Documentation
API ReferenceChangelogFAQDashboard

Document-based PoA

The process of document-based address verification includes the following steps:

  1. Applicants upload photos of their PoA documents via WebSDK and MobileSDK. This can also be done by you via the Sumsub API.
  2. Sumsub performs the following:
    • Checks the documents for authenticity, image integrity, and validates the document data.
    • Extracts the full name, home address, and issue date from the document using an OCR engine — to extract plain text, and then a machine learning algorithm — to structure and group the data into logical blocks.
    • Validates the extracted data to ensure it is a full address and it really exists.
    • Ensures the document is not expired.
    • Validates the extracted PoA data against the data from the ID document and the available data sources — external map services, such as Google Maps, Open Street Map, and others.
  3. You handle verification results.

There are certain requirements that PoA documents must meet to successfully pass verification. These requirements are applied to the original document, its contents, and photo characteristics.

Document requirements

The PoA documents must meet the following requirements:

  • The document was issued less than 3 month (by default) before the upload date. You can configure the list of documents accepted for your service and their expiry periods in the global settings or when customizing verification levels.
  • The document is not scratched, stained, or torn.
  • The applicant's full name, home address, and the document issue date (in most cases) information is present and readable.
  • The document is issued either in paper or electronic (PDF) form.
🚧

Consider the following conditions applied by default to all PoA checks:

  • All PO BOX addresses are accepted by default.
  • PoI documents as PoA documents are allowed.
  • Same document can be accepted on both PoI and PoA steps.
  • Verification will fail if the applicant submits the same document type at the 2nd Proof of Address step. For example, if the 1st PoA preset is wide (all documents) and the second is only a Bank statement, the applicant uploaded the Bank statement document on the 1st step will never be verified.
  • Business addresses and mobile phones are allowed.

Content requirements

PoA documents must contain:

  • Owner full name and full home address.
  • Issue date.
  • Issuing authority identification data.

Photo requirements

The PoA document photo to be uploaded should meet the following requirements:

  • The file is an original photo (static image), scan or screenshot (if allowed) in JPG, JPEG, PNG, or PDF.
  • If the document has data on the front and back, the photos of both sides should be uploaded.
  • The file size is under 50Mb.
  • Information in the document is readable.
  • All corners of the document are visible, and no foreign objects or graphic elements are present.
  • The uploaded photo has not been edited with any software or converted to PDF.
🚧

Attention

By default, screenshots are not accepted. You can allow them in the Global configuration tab, while configuring PoA preset.

Authenticity and fraud checks

Sumsub checks proof of address documents to confirm that the submitted file is genuine, contains the required data, and has not been digitally altered. The exact verification process depends on the PoA type, document subtype, and file format.

For document-based PoA, Sumsub checks that:

  • Document contains the required data, such as the applicant full name, address, and, where applicable, issue date, date of birth, MRZ, or other document-specific fields.
  • Required data is visible, readable, and can be extracted.
  • Document subtype is accepted according to your verification settings, for example, a utility bill, bank statement, government-issued document, or another supported document type.
  • Document is not expired, if an expiration period applies.
  • Applicant name and other extracted data match the data from other submitted documents and available sources.
  • Address is recognized, complete, and valid.
  • Document shows no signs of digital tampering or fraud.
  • Document visually matches the expected structure for a certain vendor, where applicable.

Authenticity checks for images

For image files, such as JPG, JPEG, and PNG, the system analyzes the uploaded file to detect signs of editing or manipulation. This may include:

  • Metadata analysis.
  • Checks for traces of image editing software.
  • Pixel-level analysis to identify abnormal areas in the image.

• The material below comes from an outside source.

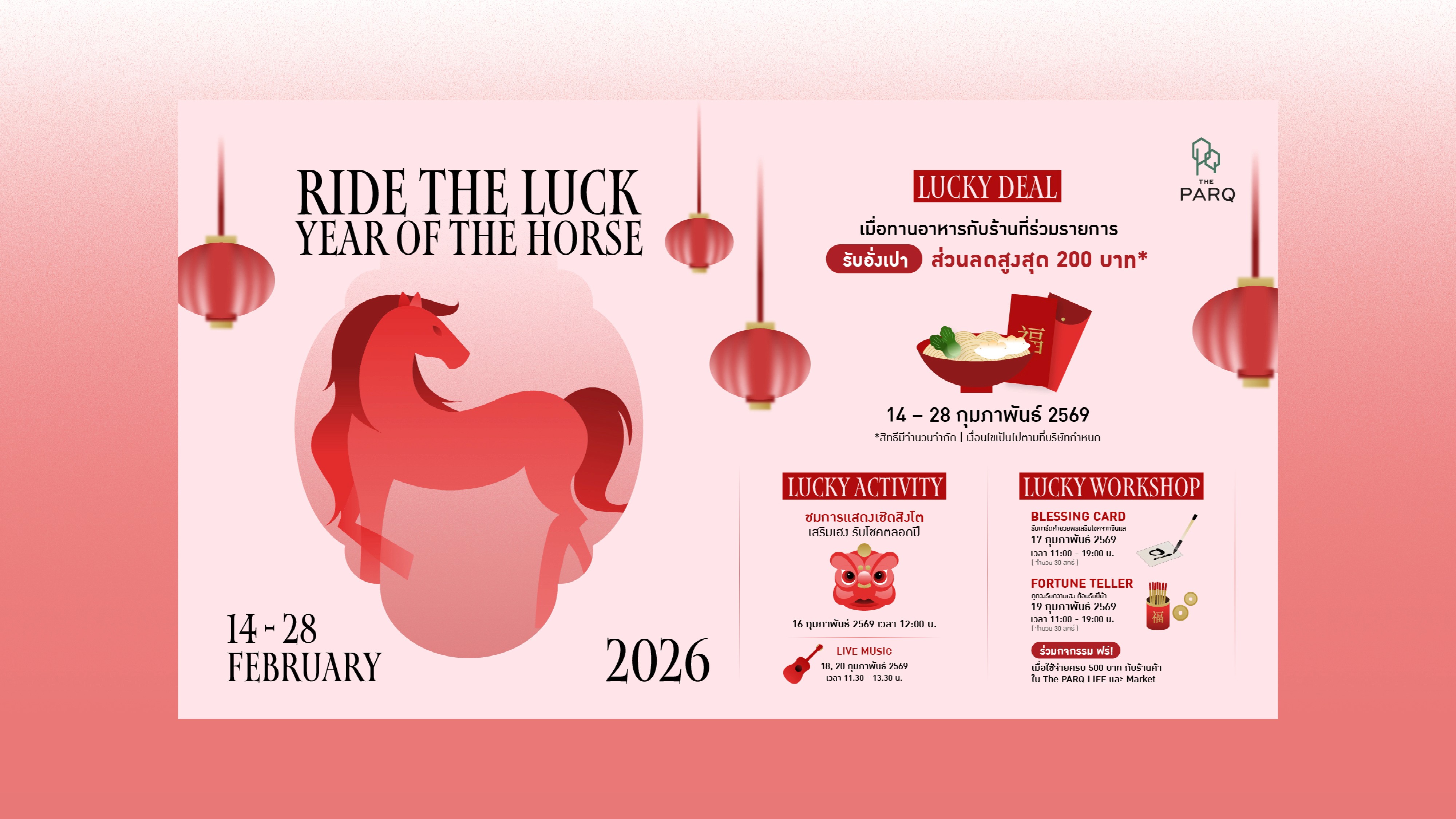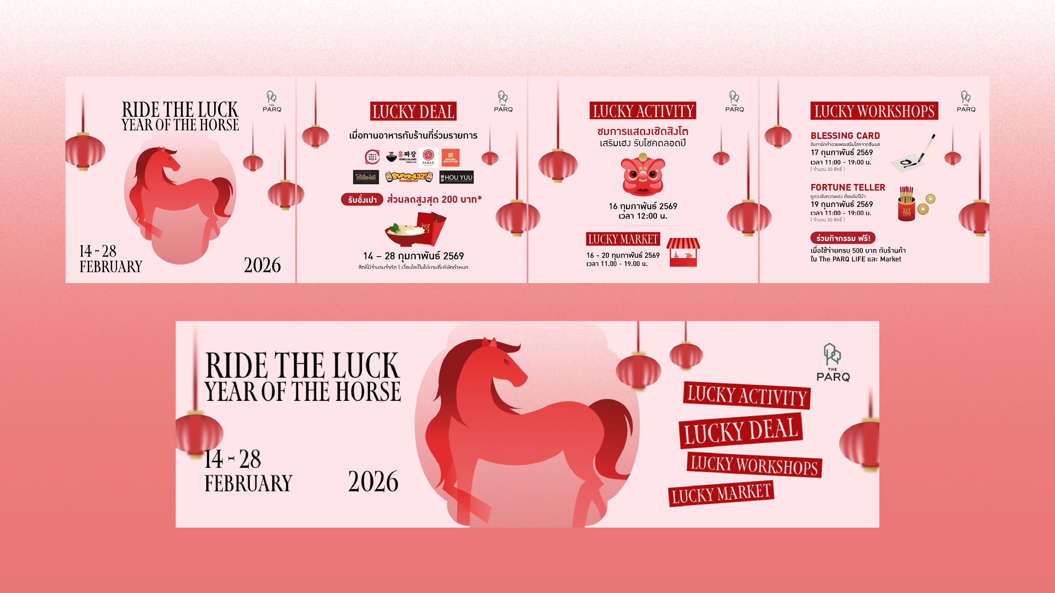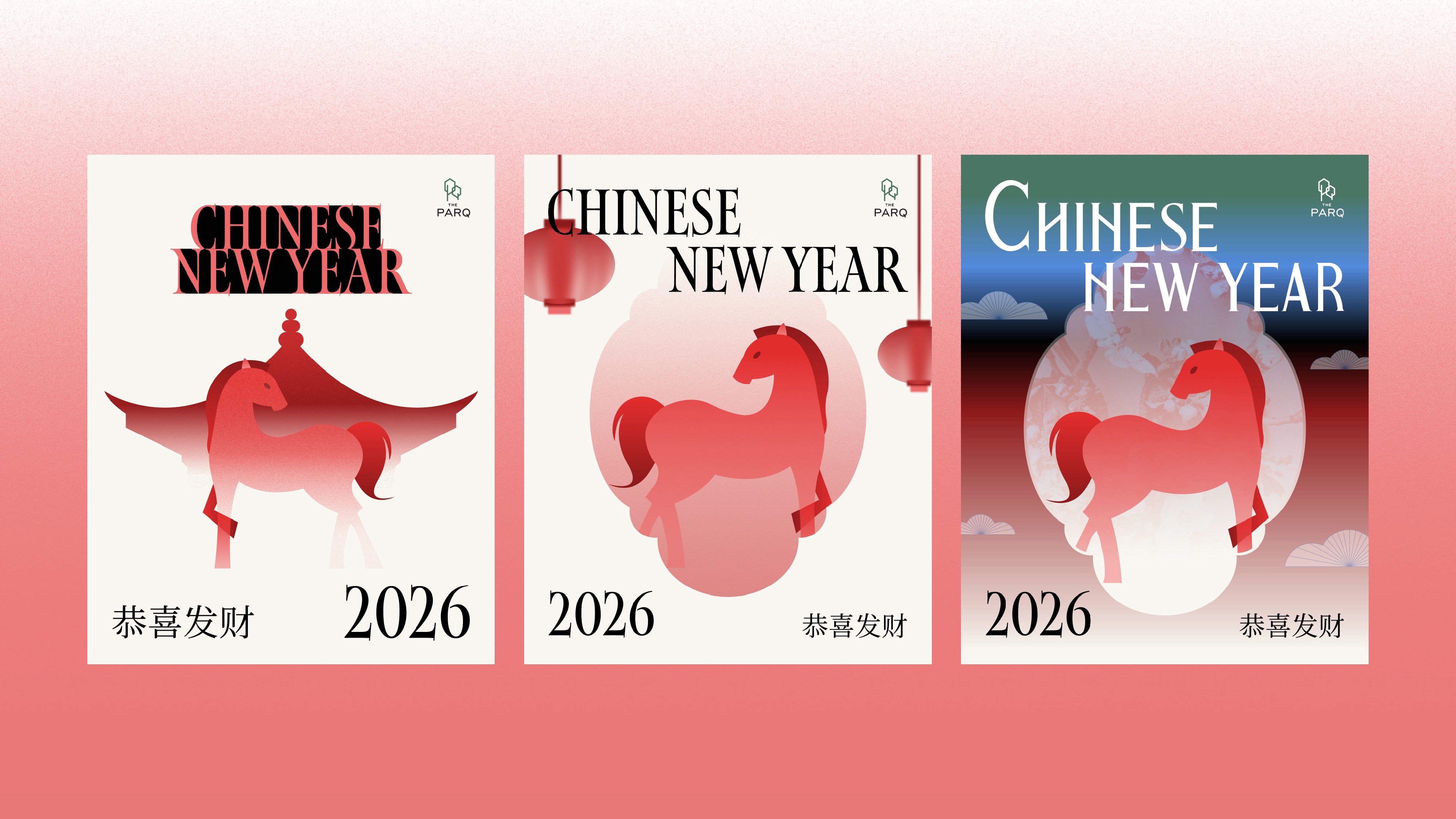 The PARQ Chinese New Year - Ride the Luck: Year of the Horse is a festive seasonal campaign that blends traditional Chinese elements with a modern visual style. The horse is used as the key symbol, representing energy and success while the overall design creates a vibrant atmosphere for the new year.

The system also performs the following:

  • Checks that all required fields are visible and can be extracted.
  • Verifies that the document is not a screenshot when the client does not accept screenshots.

Additional fraud signals may include repeated or suspicious document patterns, such as similar templates, addresses, account numbers, transactions, or other recurring data structures.

Authenticity checks for PDF files

For PDF files, the system checks metadata, internal PDF structure, and other technical signals to detect signs of editing or fraud. The system also performs the following:

  • Checks whether the document contains typical metadata and internal structure for specific vendors.
  • Analysis of the document internal structure.
  • PDF signature checks, where applicable.